Cloud Storage File Prefix: Give staged file names a prefix of your choice. Default is empty (no prefix).
|Auto Debug||Select||Choose whether to automatically log debug information about your load. These logs can be found in the Task History and should be included in support requests concerning the component. Turning this on will override any debugging Connection Options.|
|Debug Level||Select||The level of verbosity with which your debug information is logged. Levels above 1 can log huge amounts of data and result in slower execution.
1: Will log the query, the number of rows returned by it, the start of execution and the time taken, and any errors.
2: Will log everything included in Level 1, cache queries, and additional information about the request, if applicable.
3: Will additionally log the body of the request and the response.
4: Will additionally log transport-level communication with the data source. This includes SSL negotiation.
5: Will additionally log communication with the data source and additional details that may be helpful in troubleshooting problems. This includes interface commands.

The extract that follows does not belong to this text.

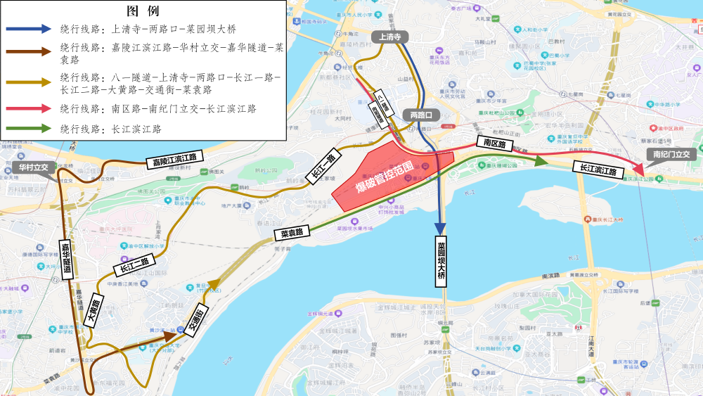 (五)跨江通行车辆建议避开菜园坝大桥及交通管制区域,优先选择黄花园大桥、重庆长江大桥等过江通道绕行。
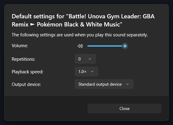 We added a separate dialog for the default sound settings, instead of using the sound properties dialog.

This component makes the following values available to export into variables:
|Time Taken To Stage||The amount of time (in seconds) taken to fetch the data from the data source and upload it to storage.|
|Time Taken To Load||The amount of time (in seconds) taken for the COPY statement to load the data into the target table from the staging area.|
Connect to the Elasticsearch Server and issue the one or more queries. Stream the results into objects into a storage area, recreate or truncate the target table as necessary and then use a COPY command to load the stored objects into the table. Finally, clean up the temporary stored objects.

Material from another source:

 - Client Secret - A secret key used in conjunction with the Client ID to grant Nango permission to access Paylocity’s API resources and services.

In this example we want to load user data from an Elasticsearch server. The Orchestration job to load the data is shown below.
Our Orchestration job uses the Elasticsearch Query to load in data from the Elasticsearch server. We have authenticated our connection to the server using PKI with details entered into the 'SSLClient' properties on the component. When run, this component loads the data into the target table 'doc_tbl' which can be sampled using a Table Input component in a Transformation job. The sample is shown below.

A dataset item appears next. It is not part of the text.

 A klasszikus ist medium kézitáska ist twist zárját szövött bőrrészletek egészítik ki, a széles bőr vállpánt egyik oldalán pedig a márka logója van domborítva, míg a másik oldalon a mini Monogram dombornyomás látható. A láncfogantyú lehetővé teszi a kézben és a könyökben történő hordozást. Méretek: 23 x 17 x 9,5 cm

However, we now decide we want to refine this data to include only active users. We could have done this using the 'Data Filter' property on the Elasticsearch Query component before the load. Since the load is already completed, we decide instead to use a Filter component in a Transformation job, shown below.
The filter is set up to include only examples where values in the 'isactive' column are 'true'.
Since our Transformation job includes the Table Update component, this data will be written to doc_tbl, overwriting our earlier data. Now we can sample the data once more to show our final, refined data. Notice that in the filtered data, we now only have rows where 'isactive' is 'true'.